Effective March 23, 2006 Bear Ridge entered into a joint venture agreement with a private oil and gas company. As part of the agreement, the private company issued Bear Ridge 457,000 shares, valued at the founder's price of $1.25 per share, in consideration for land and seismic costs totaling $571,250 previously incurred by Bear Ridge. The investment is carried at cost and is subject to impairment in the event of a non-temporary decline in value.

NOTE 4. PROPERTY AND EQUIPMENT



Accumulated
depletion and Net book
Cost depreciation value
---------------------------------------------------------------------------
Petroleum and natural gas
properties $ 283,254,974 48,075,309 $ 235,179,665
Office equipment 1,315,373 799,611 515,762
---------------------------------------------------------------------------
$ 284,570,347 48,874,920 $ 235,695,427
---------------------------------------------------------------------------
---------------------------------------------------------------------------


During the period ended September 30, 2006, the Company capitalized general and administrative expenses in the amount of $1.7 million (2005 - $0.4 million) related to exploration and development expenditures.

As at September 30, 2006, costs totaling $34.4 million related to unproven properties have been excluded from assets subject to depletion, while estimated future development costs of $7.3 million, related to proven reserves, were included in the calculation of depletion expense.

NOTE 5. CREDIT FACILITIES

As at September 30, 2006 the Company had combined credit facilities totaling $110 million. The facilities are comprised of the following individual components:

A revolving production loan with a Canadian financial institution to a maximum of $70 million and an acquisition and development loan to a maximum of $10 million.
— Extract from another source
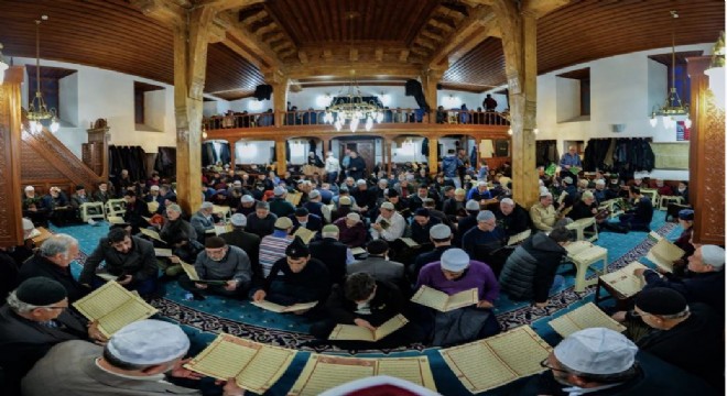 Erzurum’da 'Binbir Hatim' geleneğini sürdüren vatandaşlar, Ayaz Paşa Camisinde sabah namazı öncesi Kuran-ı Kerim okuyarak güne başlıyorlar.

The revolving production loan bears interest at prime plus an applicable margin based on the Company's debt to cash flow ratio, while the acquisition and development loan bears interest at prime plus one percent.

A $110 million non-revolving loan facility bearing interest at the rate of prime plus two percent. The amount available under the facility is reduced by the amount drawn on the revolving production and acquisition and development loans and is due May 31, 2007. The non-revolving facility is secured by a $200 million subordinated fixed and floating charge debenture on the assets of the Company.

NOTE 6. ASSET RETIREMENT OBLIGATIONS

The following table presents the reconciliation of the beginning and ending carrying amount of the Company's asset retirement obligations for the period ended September 30, 2006.



Amount
---------------------------------------------------------------------------
Balance January 1, 2006 $ 519,416
Liabilities incurred 665,000
Liabilities acquired 2,020,000
Liabilities transferred on disposition (170,000)
Accretion expense 157,900
---------------------------------------------------------------------------
Balance September 30, 2006 $ 3,192,316
---------------------------------------------------------------------------
---------------------------------------------------------------------------


Total estimated future asset retirement costs of $6.9 million have been discounted using an average credit adjusted risk free rate of 7 percent. An inflation factor of 2 percent has been applied to the estimated asset retirement costs. These obligations are to be settled based on the economic lives of the underlying assets, which currently extend up to 19 years into the future.



NOTE 7. SHARE CAPITAL

a) Issued and outstanding shares:
---------------------------------------------------------------------------
Common Shares Number $
---------------------------------------------------------------------------
Balance, January 1, 2006 29,482,235 52,536,431
Issued on acquisition of Veteran (note 2) 17,022,333 76,260,051
Issued for cash (i) 3,212,100 23,429,466
Issued on exercise of stock options and special
performance units 413,638 621,751
Future tax effect of flow through shares (ii) - (5,823,000)
Share issuance costs, net of future tax effect
of $421,667 - (935,026)
---------------------------------------------------------------------------
Balance, September 30, 2006 50,130,306 146,089,673
---------------------------------------------------------------------------
---------------------------------------------------------------------------

i. On January 19, 2006, the Company closed a private placement to newly
appointed members of senior management of 62,100 flow-through common
shares at a price of $4.46 per common share for gross proceeds of
$276,966. These expenditures were incurred prior to June 30, 2006.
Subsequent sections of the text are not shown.